Over the past several months various motions as well as a case settlement have been debated. At one point the state asked for more time to file an answer and to file a response to the complaint. But on June 29 Judge Franklin Noel denied that request, stating in court documents, “This case has been pending almost a year. Based upon repeated assurances that the parties were making progress in reaching a settlement, the Court postponed adopting a Pretrial Schedule until May 2010. In their current stipulation, filed only 5 days before the first due date in the Pretrial Schedule adopted on May 12, 2010, the parties again report significant progress in settlement negotiations. The only suggestion the parties make regarding the substance of their progress is that they were ‘discussing use of a mediator.’ At the scheduling conference in May, the Court had difficulty understanding the parties’ vastly different views of this case, in part because the Defendants have yet to answer the complaint. Although the parties contend in their stipulation that the filing of an answer will be ‘counter productive to the negotiations’, the Court cannot conceive of how the filing of an answer would in any way prejudice settlement negotiations. This case is almost a year old, and the Court doesn’t even know what the issues are, as Defendant has not yet answered the complaint.”
Noel continued, “If Defendant concedes that Plaintiffs’ complaint has merit, it should settle. If not, it must answer, so that issues in dispute can be joined. The parties request to extend the deadline for the Defendants to answer the Complaint is DENIED.”
DHS officials declined comment when contacted by Access Press.
METO has already been investigated by the state’s Ombudsman for Mental Health and Developmental Disabilities, which found a practice of abuse at the facility. Among its findings released in fall 2008, the ombudsman reported that documents in individual records revealed that people were being routinely restrained in a prone face-down position and placed in metal handcuffs and leg hobbles. In at least one case, a client that the metal handcuffs and leg hobbles were secured together behind the person, further immobilizing the arms and legs, reported it to the ombudsman staff. Some individuals were restrained with a waist belt restraint that cuffed their hands to their waist. An individual with an unsteady gait was routinely placed in this type of restraint, putting that person at risk of injury if they should fall.
METO policies stated that a person was not to be restrained for more than 50 minutes. But that practice was apparently not followed. Ombudsman office staff found numerous examples of documented incidents where after 50 minutes in a restraint, staff would continue the restraint but document it on a different restraint use form, sometimes with no indication that it was a continuation of the previous restraint. Documentation also revealed that in most cases where restraints were used the person was calm and cooperative about going into the restraint but began to struggle, cry and yell once they were restraints.
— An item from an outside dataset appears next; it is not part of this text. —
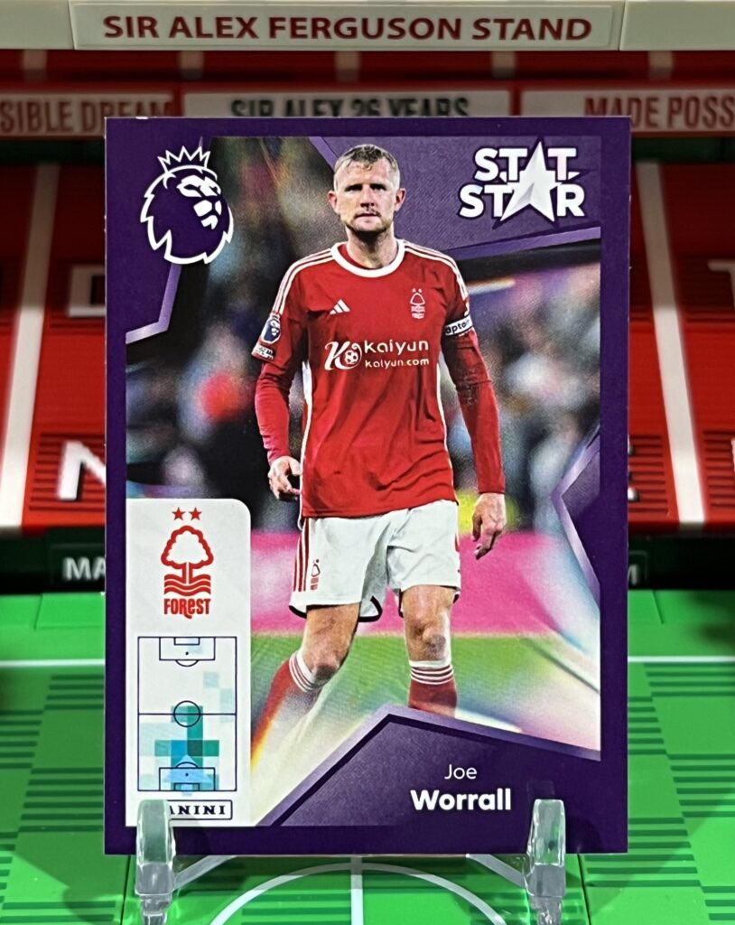 Description: Joe Worrall Stat Star sticker from the 2024 Panini English Premier League sticker collection

In some cases, clients appeared conditioned to “assume the position” for application of restraints where they would lie on the floor and put their hands behind their back without resistance. The ombudsman also found METO failed to attempt any alternatives to avoid using restraints; the length of time some patients were restrained exceed even METO’s own guidelines; and the agencies that had protective obligations for METO patients or responsibility to serve as checks and balances over the actions of the program failed to protect the patients or turned a blind eye to the problem.